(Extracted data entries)
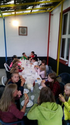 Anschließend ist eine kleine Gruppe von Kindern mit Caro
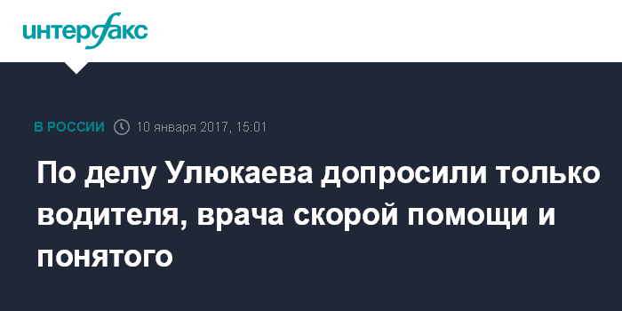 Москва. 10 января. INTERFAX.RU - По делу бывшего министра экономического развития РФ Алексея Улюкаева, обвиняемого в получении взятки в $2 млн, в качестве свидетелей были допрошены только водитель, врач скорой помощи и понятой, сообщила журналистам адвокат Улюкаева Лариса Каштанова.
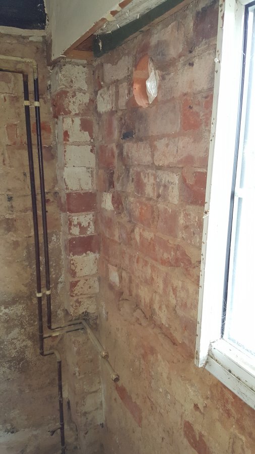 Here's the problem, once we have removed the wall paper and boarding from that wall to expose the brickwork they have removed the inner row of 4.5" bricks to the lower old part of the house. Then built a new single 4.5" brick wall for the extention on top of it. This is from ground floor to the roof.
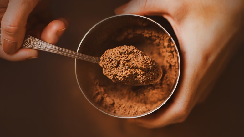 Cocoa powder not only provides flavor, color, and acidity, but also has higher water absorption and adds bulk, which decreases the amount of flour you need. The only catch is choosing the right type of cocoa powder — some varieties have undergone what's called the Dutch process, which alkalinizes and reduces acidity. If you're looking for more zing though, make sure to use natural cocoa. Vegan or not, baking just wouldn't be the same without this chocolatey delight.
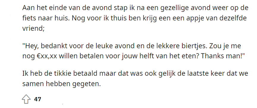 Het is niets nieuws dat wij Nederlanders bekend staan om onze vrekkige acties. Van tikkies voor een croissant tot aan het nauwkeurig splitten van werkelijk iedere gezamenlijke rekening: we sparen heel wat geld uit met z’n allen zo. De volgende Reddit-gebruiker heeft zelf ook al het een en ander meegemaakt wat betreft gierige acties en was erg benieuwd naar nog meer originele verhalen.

## WORK INSTRUCTIONS
Give the lines again exactly, starting where the entries begin and stopping once the line with "Here's the problem, once" is included; pictures are not copied.

## EXPECTED ANSWER
 Anschließend ist eine kleine Gruppe von Kindern mit Caro
 Москва. 10 января. INTERFAX.RU - По делу бывшего министра экономического развития РФ Алексея Улюкаева, обвиняемого в получении взятки в $2 млн, в качестве свидетелей были допрошены только водитель, врач скорой помощи и понятой, сообщила журналистам адвокат Улюкаева Лариса Каштанова.
 Here's the problem, once we have removed the wall paper and boarding from that wall to expose the brickwork they have removed the inner row of 4.5" bricks to the lower old part of the house. Then built a new single 4.5" brick wall for the extention on top of it. This is from ground floor to the roof.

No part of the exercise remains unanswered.